Sobre o aumento das mortes causadas por policiais, o professor de Sociologia da UFF Daniel Hirata afirmou que, desde 2014, uma série de fatores, entre eles a crise financeira do estado e a falência das UPPs, vem desestruturando a política de segurança pública do Rio.

— Nesse cenário, falta planejamento global para a segurança, e a atuação da polícia fica mais difusa. Muitas operações são retaliações a ataques — disse Hirata.


Caminhos opostos nas mortes violentas
Gimpaolo Morgado Braga 

 

As mortes violentas no estado tiveram, em 2019, dois panoramas que mostram caminhos opostos. De um lado, o número de homicídios dolosos ficou, pela primeira vez, abaixo das 4 mil vítimas, atingindo o patamar mais baixo da série histórica, iniciado em 1991. Do outro, as mortes em confrontos com a polícia chegaram ao maior índice desde 1998, quando os dados começaram a ser contabilizados. No cruzamento dos dois dados, a constatação mais clara é que ainda mata-se demais no Rio.

Três em cada dez mortes violentas, segundo os dados do Instituto de Segurança Pública (ISP) divulgados ontem, ocorreram pelas mãos de policiais. Nunca essa proporção foi tão alta.
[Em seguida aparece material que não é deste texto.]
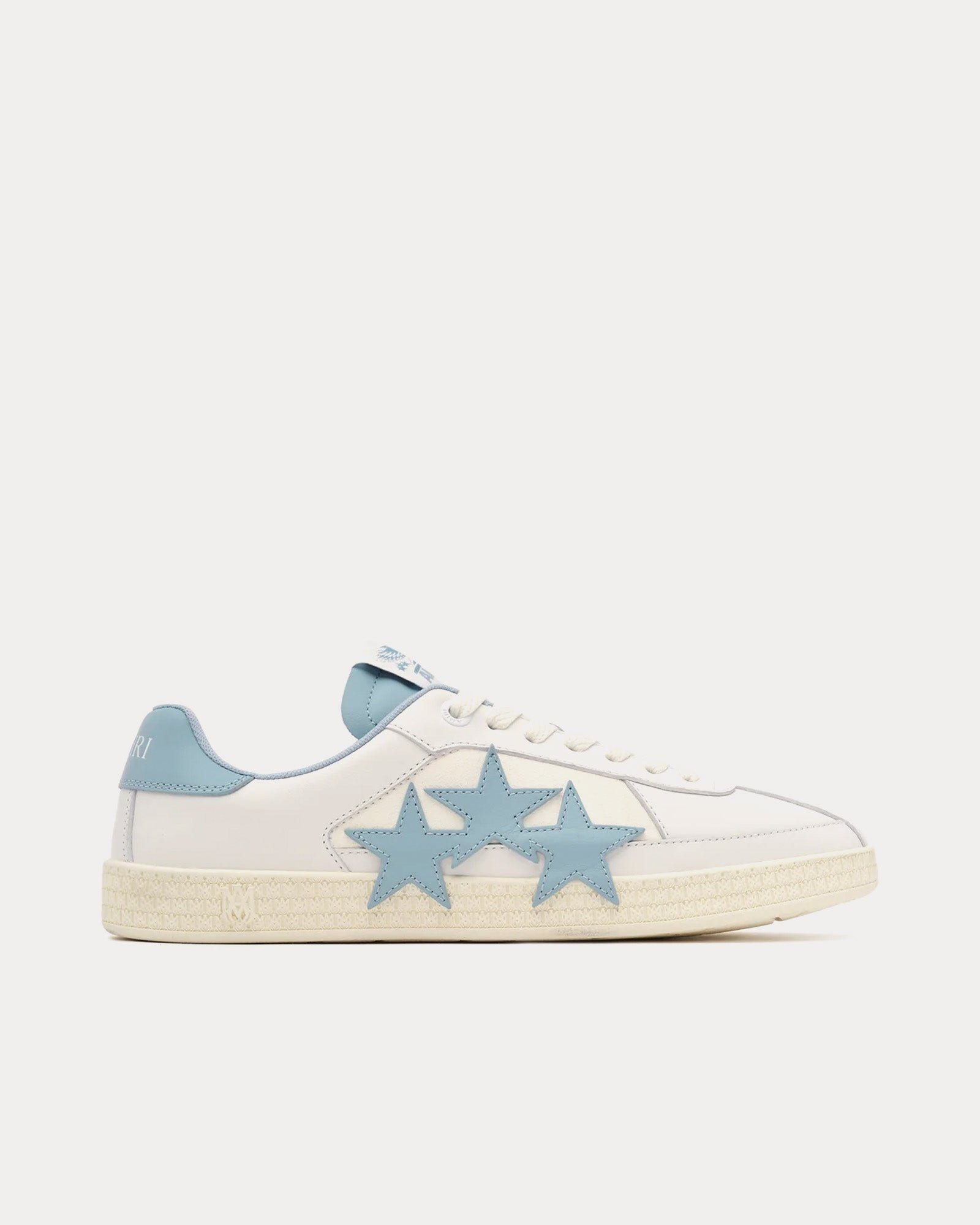 Les baskets basses pour femmes Amiri Pacific en blanc et ciel océan s’inspirent des baskets de course classiques et présentent une tige en cuir, des empiècements en cuir étoilé sur les côtés et des semelles en caoutchouc à motif emblématique MA. Fabriquées en Italie.
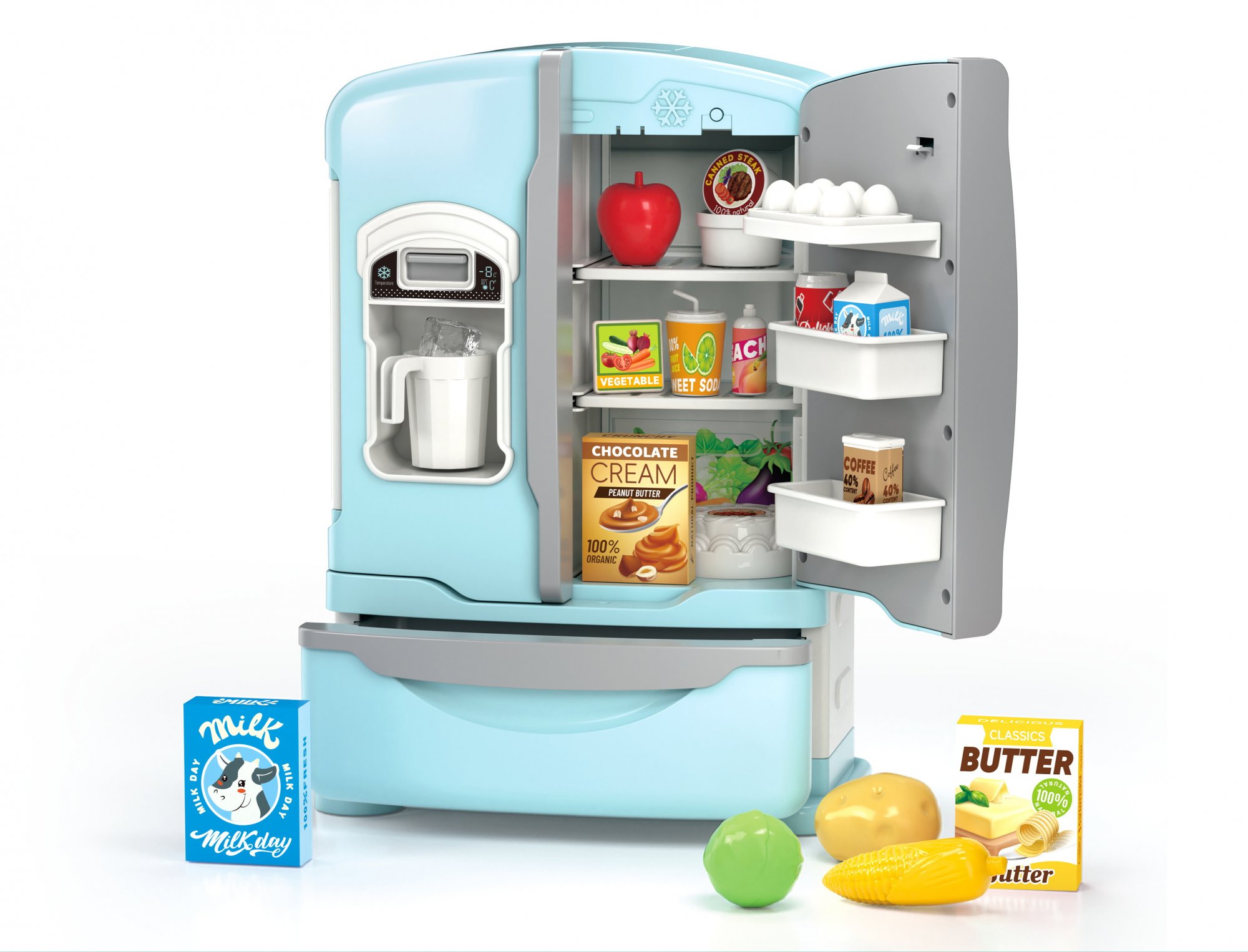 Lednička s efekty. rozměry 19x10x26.5cm. baterie 3xAAA nejsou součástí. Světelné a zvukové efekty. on/off přepínač. nahoře otvor k nalití vody. Po otevření dělá mlhu.

Em 2014, a polícia respondia por 10% da chamada letalidade violenta. Em 2018, durante a intervenção federal, bateu os 23%. No ano passando, na ponta do lápis, a participação policial no total de mortes violentas ficou em 30,34%.

Mesmo os homicídios dolosos, que caíram, em números absolutos, mais de 50% no quarto de século entre 1994 e 2019, ainda chocam pela proporção. São quase 11 por dia, em média. O Estado de São Paulo, por exemplo, tem quase 46 milhões de habitantes —o Rio, segundo dados do IBGE, tem 17,2 milhões —e deve fechar 2019 com menos de 3 mil homicídios dolosos, já que, segundo os dados até novembro, foram 2.596 vítimas.
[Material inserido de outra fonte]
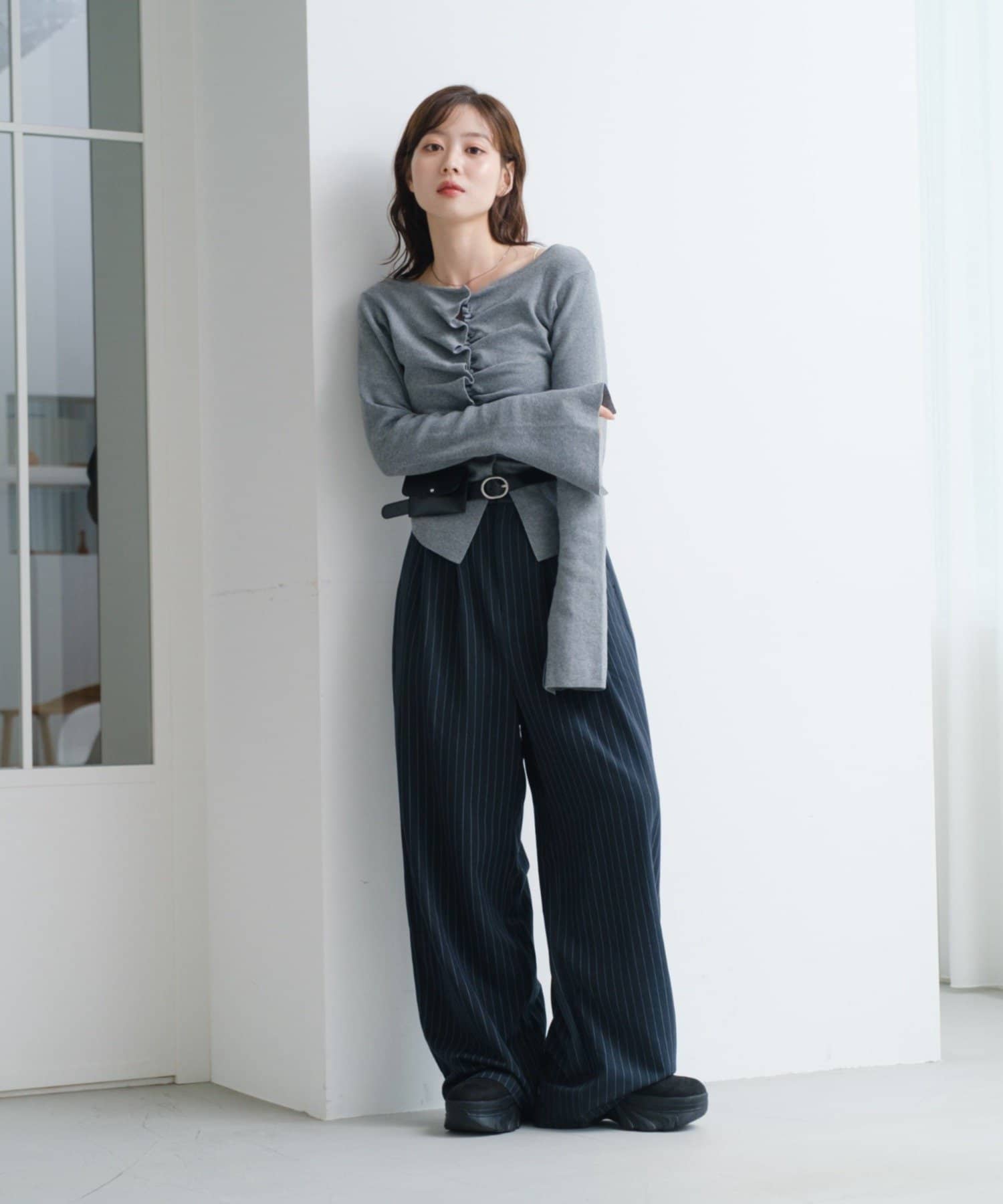 パンツと合わせてカジュアルに、スカートと合わせてフェミニンにと幅広いスタイリングが楽しめます。
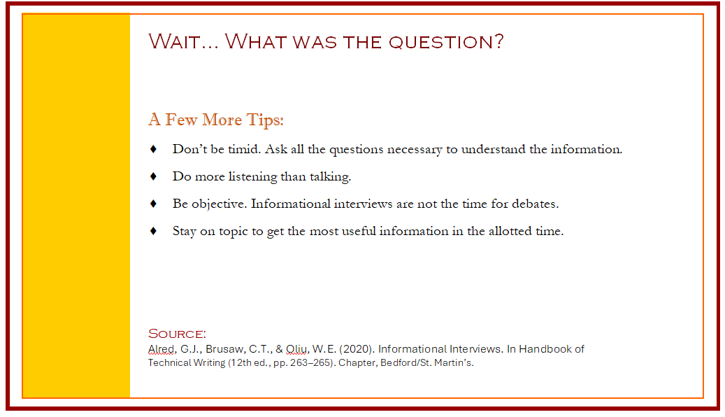 This postcard was part of a design project for my Spring 2024 advanced technical writing course. I chose to create a postcard on conducting informational interviews with subject matter experts. The purpose of the postcard was for potential distribution in a writing center and was intended for an audience ranging from novice to advanced writers.

A queda nos homicídios também não é um fenômeno isolado do Estado do Rio. Números do Ministério da Justiça e Segurança Pública, divulgados dentro do Sistema Nacional de Informações de Segurança Pública (Sinesp), mostram que houve uma redução nas mortes em todos os estados e no Distrito Federal —comparando-se janeiro a setembro de 2019, o período disponível no momento, com os mesmos nove meses de 2018. Do Acre ao Rio Grande do Sul, os homicídios dolosos apresentaram queda. É possível, seguindo a média mensal, que o total de vítimas no país fique abaixo de 40 mil quando os dados de 2019 forem fechados.

De acordo com o mesmo Sinesp, entre janeiro e setembro a cidade do Rio foi o município com maior número de homicídios dolosos do país: 832 vítimas, 104 mortes a mais do que Salvador, o segundo com mais registros.
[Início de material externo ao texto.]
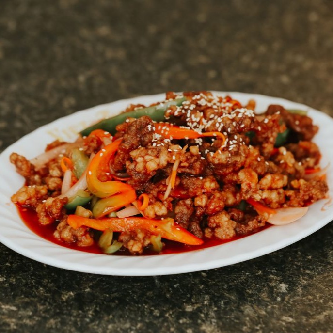 Sauteed with 3 different kinds of Peppers, Onions & Mushrooms in Spicy Oyster Sauce.
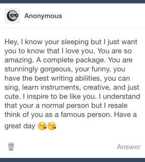 Reading these again I got all smiley – I’ll be honest, I like having lots of followers on tumblr because it does make me feel semi famous and I like having this group of people to connect with.
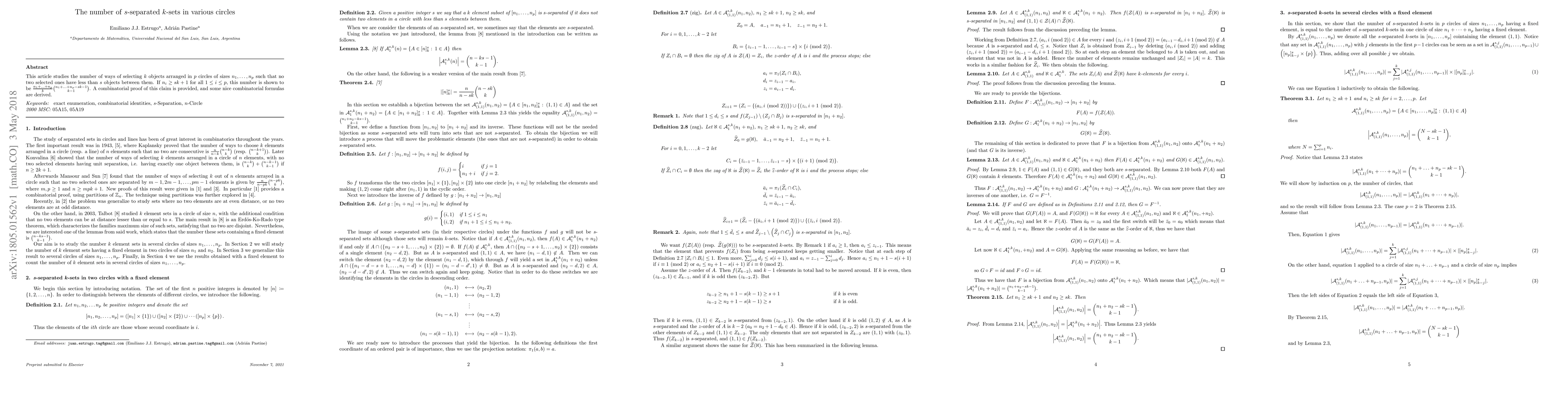This article studies the number of ways of selecting $k$ objects arranged in $p$ circles of sizes $n_1,\ldots,n_p$ such that no two selected ones have less than $s$ objects between them. If $n_i\geq sk+1$ for all $1\leq i \leq p$, this number is shown to be $\frac{n_1+\ldots+n_p}{k}\binom{n_1+\ldots+n_p-sk-1}{k-1}$. A combinatorial proof of this claim is provided, and some nice combinatorial formulas are derived.

Dois dados positivos a se destacar, no índice de homicídios, são a taxa por cem mil habitantes e os locais onde os homicídios mais caíram. A taxa fechou 2019 com 23,1 mortes por cem mil habitantes —bem abaixo do índice de 29,07 em 2018 e dos quase 32 homicídios por cem mil de 2017. E das dez áreas com maior redução nas mortes, na comparação entre 2018 e 2019, quatro ficam no interior do estado, duas na Zona Norte, uma na Zona Oeste e uma na Baixada Fluminense, áreas em que o número de homicídios historicamente é alto.

Quanto às mortes em confrontos com a polícia, os números mostram o desconfortável protagonismo do Estado do Rio no cenário nacional. Segundo dados apresentados pelo “Fantástico” no último domingo, entre 17 estados e o Distrito Federal, a polícia fluminense respondeu por 40% das mortes decorrentes de confrontos policiais em 2019.

E não é possível correlacionar mortes de suspeitos em confrontos com quedas de outros índices: nas dez Áreas Integradas de Segurança Pública (Aisps) com maior redução nos chamados autos de resistência, seis tiveram, por exemplo, diminuição de roubos. Matar suspeitos em tiroteios não é garantia de tornar o estado mais seguro.